The results presented herein are analyzed in terms of unconfined compressive (UC) testing.
The use of the UC test was selected to allow for a rapid screening of a variety of different stabilizers and soil types. It is well recognized that other texts such as CBR (California Bearing Ratio) triaxial (confined and unconfined), resilient modulus, and cyclic wet-dry testing are valid tests when considering performance of the stabilized soils. However, the purpose of this work is to demonstrate the differences between emulsion types and to recognize that the emulsions impart significant ductility to the stabilized soils. Hence, the date are analyzed in terms of both unconfined compressive strength (UCS) and toughness.
Emulsions represent a huge commercial industry, ranging in applications from food and cosmetics to paints and road construction . Stabilization of soils using asphalt emulsions has been widely applied and is often employed with recycling equipment to perform “cold-mix” recycling to rehabilitate deteriorated pavements.
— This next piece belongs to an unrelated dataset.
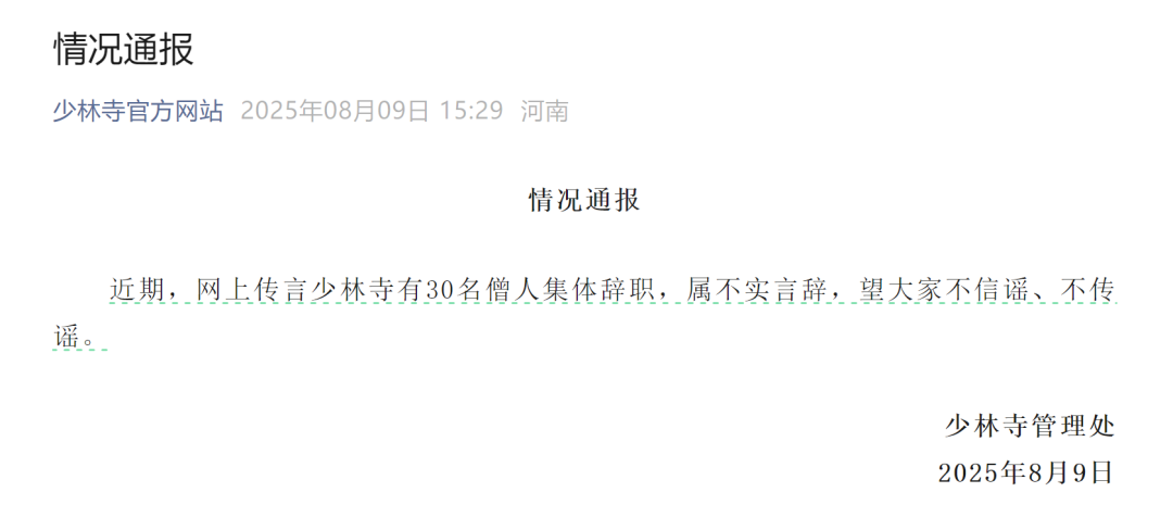 8月9日,少林寺管理处发布情况通报: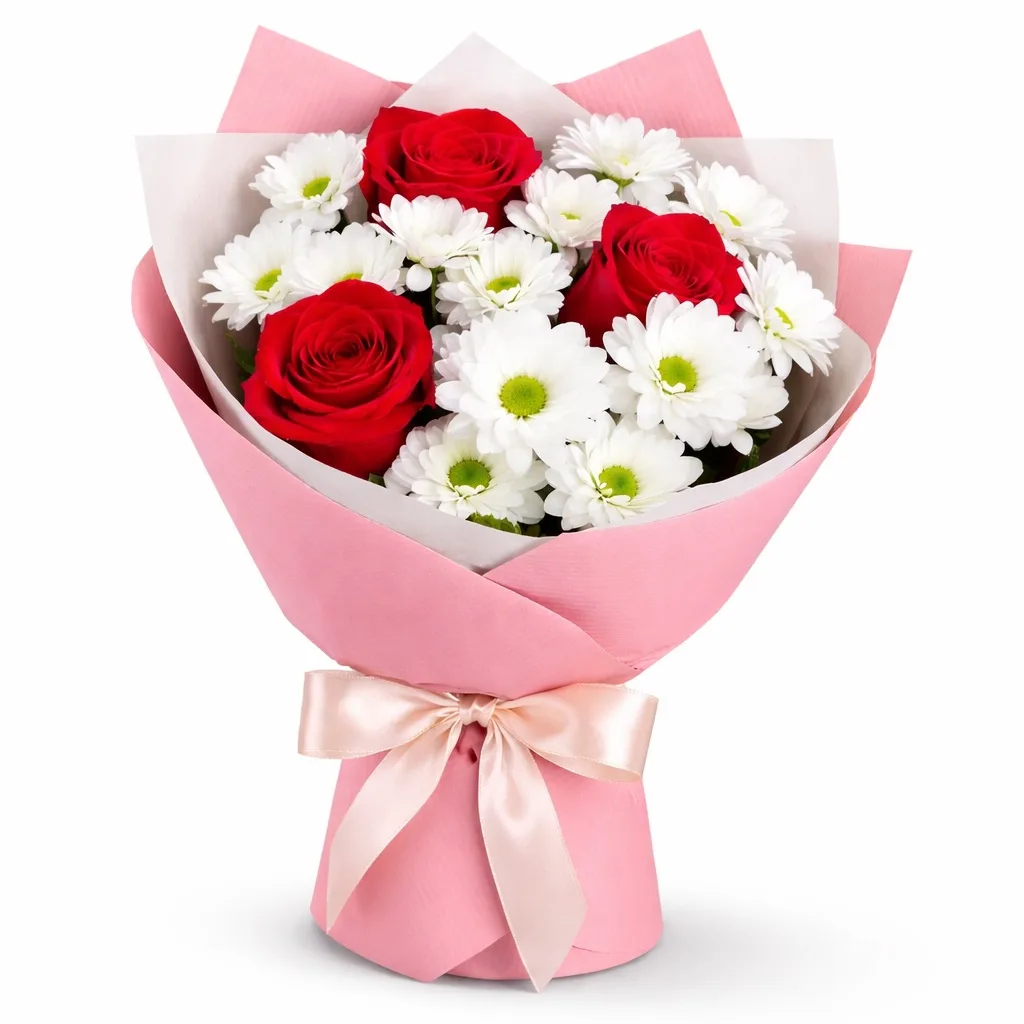 кустовая хризантема - 3 шт., роза - 3 шт., упаковка лента |

Polymer emulsions are a class of materials in which the polymer is generally manufactured in the emulsion state. They represent a wide-range of materials from styrene-butadiene random copolymers (synthetic rubber) to polyvinyl chloride (PVC) and many types of acrylic-based polymers employed in paints. Emulsions are a very useful technology in that they often do not require a solvent carrier, are easily cleaned up using water/detergent, and, for many polymers, do not pose an environmental concern when used in bulk.
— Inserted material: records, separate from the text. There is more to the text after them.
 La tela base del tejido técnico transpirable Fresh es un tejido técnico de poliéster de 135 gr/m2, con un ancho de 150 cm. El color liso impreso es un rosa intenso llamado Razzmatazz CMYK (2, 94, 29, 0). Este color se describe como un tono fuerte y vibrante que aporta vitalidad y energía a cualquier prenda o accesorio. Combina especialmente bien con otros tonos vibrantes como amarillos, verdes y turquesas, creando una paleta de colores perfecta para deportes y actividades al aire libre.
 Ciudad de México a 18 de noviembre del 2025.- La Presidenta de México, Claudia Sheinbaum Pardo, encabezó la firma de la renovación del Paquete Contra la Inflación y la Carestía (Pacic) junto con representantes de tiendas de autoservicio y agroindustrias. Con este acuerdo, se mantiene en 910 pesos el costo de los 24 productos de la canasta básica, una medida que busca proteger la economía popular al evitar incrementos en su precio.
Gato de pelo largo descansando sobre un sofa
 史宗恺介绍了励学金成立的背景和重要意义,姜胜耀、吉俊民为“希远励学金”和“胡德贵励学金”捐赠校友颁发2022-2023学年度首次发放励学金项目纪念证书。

Polymer emulsions can have a wide range of properties. The emulsions ionic state may be anionic, cationic, or non-ionic. It may be acidic, basic, or neutral pH and the solids content may vary. A typical polymer emulsion contains approximately 40-45% polymer, 1-2% emulsifier with the balance being potable water. The polymer may also be highly variable in its chemistry (i.e. styrene-butadiene or polyethylene-vinyl acetate), molecular weight, degree of branching, side-chain size and composition, etc. Typically, a polymer for soil stabilization should have excellent physical properties such as high tensile, flexural, and compressive strengths, good adhesion to soil particles, and high resistance to water, chemical, and ultraviolet effects. Most of the polymer products touted for soil stabilization are vinyl acetate or acrylic-based copolymers.
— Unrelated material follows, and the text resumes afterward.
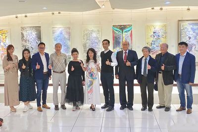 中華學術文教基金會董事長、中華文化藝術總院總院長高崇雲講座教授於2月5日下午二時偕同基金會王海倫執行長、李威侃董事出席在國父紀念館德明藝廊展出的「日新越藝孟昭光個展」,包括阿默企業集團董事長周正訓、台藝大羅振賢教授、台北記者公會理事長郭慶璋等兩百餘位藝術愛好者共同參與,可以說是嘉賓雲集、熱鬧非凡。

Although there is a large body of research directed towards the study of cement, lime, fly ash, and other traditional stabilizers, there is a scarcity of information on nontraditional stabilizers [1, 3-6]. Recently, some studies detailing the effects of nontraditional stabilizers have surfaced . In this study by Rauch, et al, three non-traditional liquid soil stabilizers were added to a variety of clay and clay soils. The results did not indicate significant changes in Atterberg limits, moisture-density relations, swell, or shear strength. However, it was noted that the tests were all conducted under the manufacturer’s recommended conditions and that these conditions may not represent the best concentrations or dilution ratios.
Studies by Santoni et al. have shown that the polymer emulsions do provide significant strength gain and added strength under wet conditions . Strength gains, as measured by unconfined compressive tests, demonstrate that the polymer-stabilized soil properties improve with curing time. Curing for the polymer emulsions occurs by ‘breaking’ of the emulsion and subsequent water loss by evaporation. The breaking of the emulsion occurs when the individual emulsion droplets suspended in the water phase coalesce. This occurs as the emulsion particles ‘wet’ the surface of the soil particle and the polymer is deposited on the surface. The amount of polymer deposited on the surface of the soil particle depends on the concentration of the polymer added and the degree of mixing with the soil.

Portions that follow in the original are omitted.